Most Londoners right now seem to have given up on the right to a home, and other rights. Be happy as you are in London, it's the coolest place anywhere right now (very important obviously...) but you'll never own that place you're renting. And it won't get any better than that place – that tiny, sky-scraping, barely affordable place. We love our city, but do get used to worrying too much about the future, and especially what the council may send next. Everyone feels this but especially a tenant who may just be thrown out, to another part of the country, or a leaseholder who will have what they've paid for devalued to the point they cannot afford to keep their home, and may be forced to move too. It is out of control, a land-grab across London of the likes that elsewhere would be seen as a disgrace and tragedy it is, a sign of the corruption at the heart of a leadership that needs change.
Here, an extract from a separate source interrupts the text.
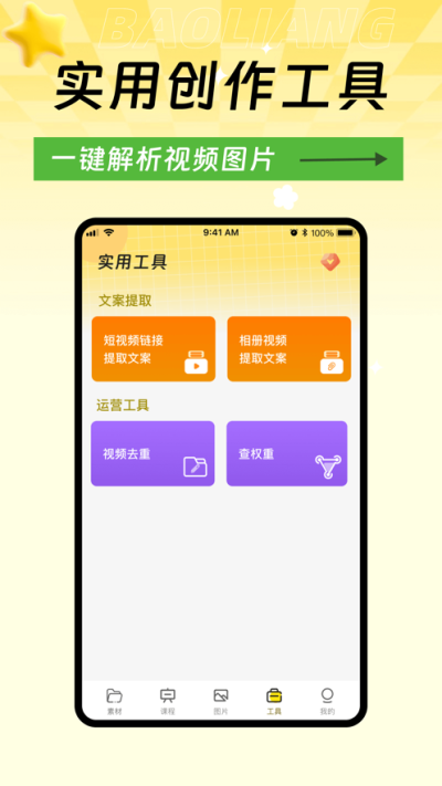 爆量素材是每位短视频内容创作者、达人和视频编辑者的理想选择。它集成了高清无水印的视频素材库,炫酷特效,多样化的背景音乐,以及创意文案模板。更有多种实用工具,如提取视频、提取文案、保存高清视频和音频等,极大地丰富了您的创作可能性。

Lives are ruined and destroyed – there is more than one way to take a life. This is what is happening right here and now. A system of greed like this leads at the polling booth maybe to Brexit, certainly to a President Trump. Social engineering and cleansing like this leads to promises made again to those in need, who will only be used and treated like this again in years to come unless the corruption is dealt with. The stress and worry created is a cause for shame and needs to be exposed and rooted out. It is felt at the root and can be dealt with there, by stopping the bad practices of the likes of Southwark and other local London councils.